GateNLP / gateplugin-Format_Brat

Support for loading/saving brat standoff annotations
GNU Lesser General Public License v3.0
0 stars 2 forks source link

IndexOutOfBounds when exporting Stanford CoreNLP Dependency annotations #1

Closed drgriffis closed 6 years ago

drgriffis commented 6 years ago

I'm trying to export dependency annotations from the Stanford CoreNLP toolkit to BRAT format for web visualization. When including "Dependency" as an Entity type in the BRAT configuration file, an ArrayIndexOutOfBoundsException is thrown in parsing the constructed annotation.

Full trace of relevant exception:

java.lang.ArrayIndexOutOfBoundsException: 2
at gate.creole.brat.annotations.TextBound.<init>(TextBound.java:33)
at gate.creole.brat.annotations.BratAnnotation.parse(BratAnnotation.java:39)
at gate.creole.brat.Annotations.getBratAnnotations(Annotations.java:259)
at gate.creole.brat.BratDocumentExporter.export(BratDocumentExporter.java:60)

Steps to reproduce:

  1. Create new single-document Corpus, with document text
    This document has two sentences. This is the second one.
  2. Load the following Creole plugins:
    • ANNIE (8.5)
    • Format: brat standoff (1.0-SNAPSHOT)
    • Stanford CoreNLP (8.5)
  3. Create Conditional Corpus Pipeline, with the following components (default Runtime Parameters for each PR):
    • Document Reset PR
    • ANNIE Sentence Splitter
    • ANNIE English Tokeniser
    • StanfordParser
  4. Run the pipeline
  5. Create annotations.conf BRAT configuration file with the following contents:
    [entities]
    Sentence
    Token
    Dependency
    [relations]
    [events]
    [attributes]
  6. Attempt to export processed document to brat Standoff Annotations, referencing the annotations.conf configuration file created in Step 5.

It may well be that I'm not building my BRAT configuration file correctly, also. I haven't actually used BRAT before, so that may be the source of the error.

Thanks!

drgriffis commented 6 years ago

Forgot to specify: using GATE Developer 8.5 build 56b50da.
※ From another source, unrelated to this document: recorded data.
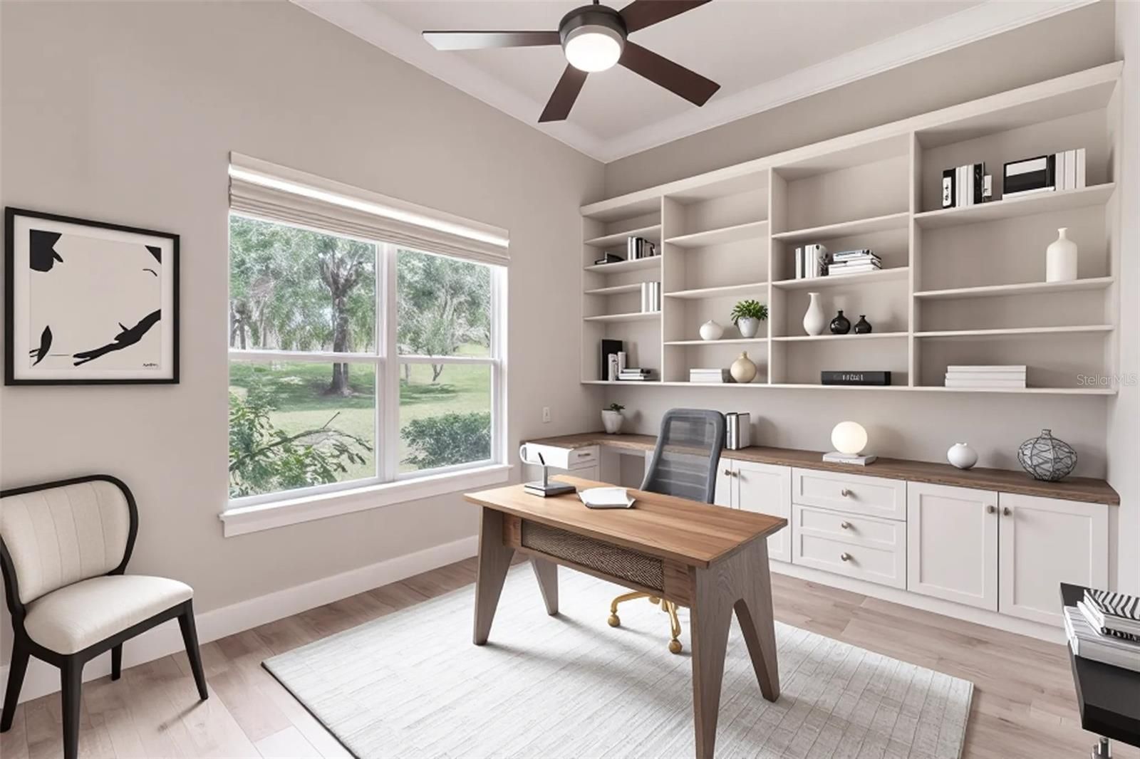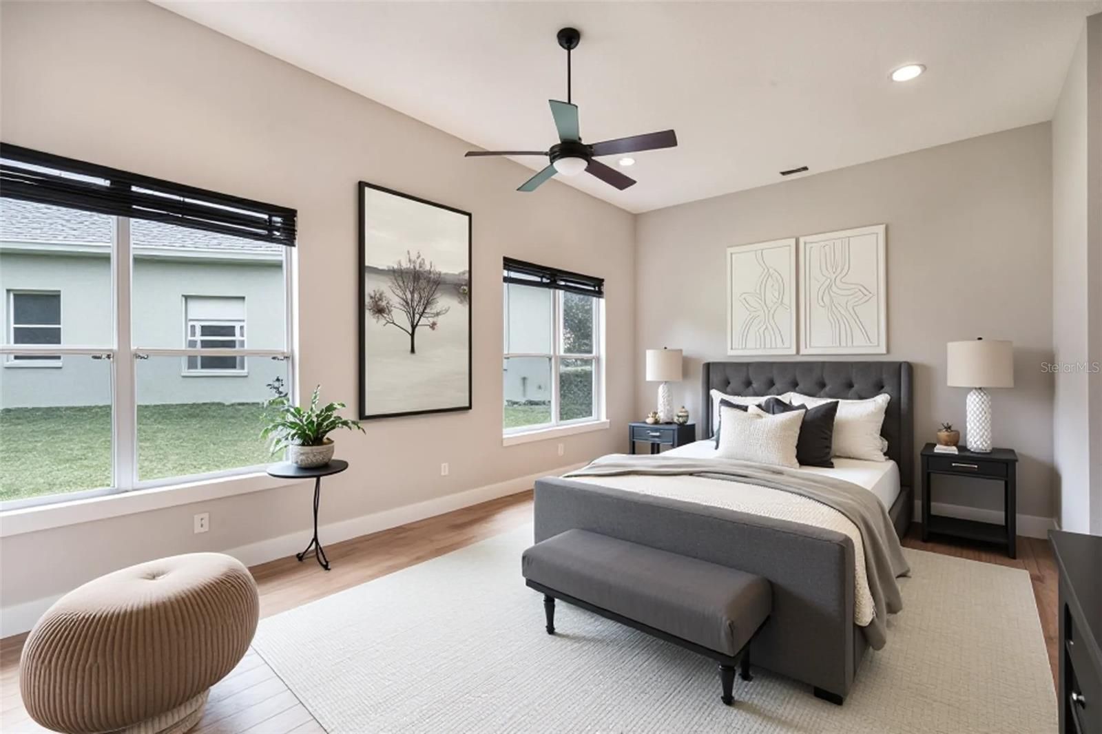 One or more photo(s) has been virtually staged. This spacious and thoughtfully remodeled residence features an open floor plan perfect for entertaining and everyday comfort. Step inside to a bright and inviting family room that flows seamlessly into the expanded kitchen and formal dining area. The kitchen has been completely reimagined with a massive island showcasing gorgeous stone accents and stunning stone countertops, providing both beauty and functionality for gatherings large and small. Originally designed as a three-bedroom layout, the two guest bedrooms have been combined to create one oversized retreat, perfect as a second suite, hobby room, or dual-purpose space. The split floor plan ensures privacy, with a large primary suite featuring dual vanities, a garden tub, separate shower, and his & hers closets. Additional highlights include crown molding, central vacuum, pre-wiring for surround sound, security system, a three-car garage, and two A/C units for maximum efficiency year-round with dual comfort climate zone-control. Dual A/C units installed 2017 and 2019. Set within a sought-after 55+ community, residents enjoy world-class amenities including a 28,000 sq. ft. clubhouse, indoor and outdoor pools, fitness center with sauna, pickle-ball and tennis courts, billiards, crafts, shuffleboard, ballroom, library, and more. Ideally located close to shopping, dining, medical facilities, the National Training Center, and just a short drive to Disney and the airport, this home offers both luxury and convenience.
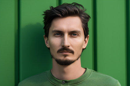 Illustration of young adult man with mustache on color background with copy space, AI Generated
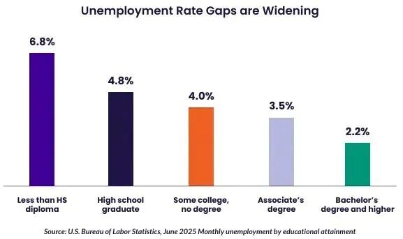 这些数字清晰地揭示:高等教育的核心价值已从“单纯提升收入”升级为“构筑风险防线”。它不仅能为职业发展提供更广阔的空间,更能在技术变革与经济波动中,为个人发展注入稳定的确定性。所谓“大学无用论”,更多是短期焦虑下的情绪
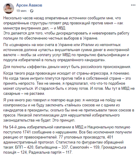 По словам главы МВД, на его счета в Украине или Италии из непонятных источников должна поступить внушительная сумма якобы за оплату услуг МВД по прикрытию фальсификации и подкупа избирателей в пользу определённого кандидата". Аваков подчеркнул, что "для полноты эффекта" деньги могут быть российского происхождения.
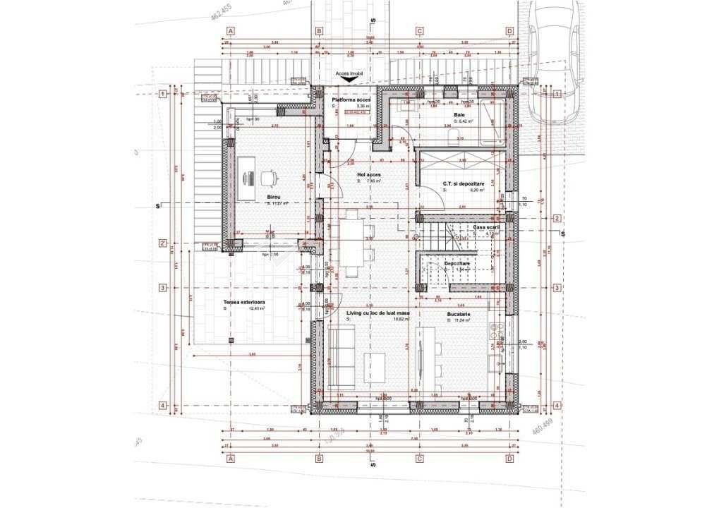 Caractéristiques Type de bien Maison Non. Chambres 5 Non. cuisines 1 Non. salles de bains 3 Non. balcons 1 Nombre de terrasses 2 Surface terrasse 40.00 mp Le stationnement oui Sous-sol non Jardin oui Surface utile 117 m2 Surface construite 170 m2 Surface terrain 611 m2 No. fronts 25 m Etage 1 Struct. résistance Brique Construction 2022

greenwoodma commented 6 years ago

Turns out it was definitely a bug that hit any GATE annotation without a string feature; quite how I'd not caught this before I'm not sure. Anyway it should work now (the plugin is still 1.0-SNAPSHOT so your existing test app will pick up the new changes automatically).

On a related note you might want to swap around the tokenizer and sentence splitter in your app, as the sentence splitter relies on having Token annotations -- if you run the app in your comment you'll notice you get a single sentence at the moment.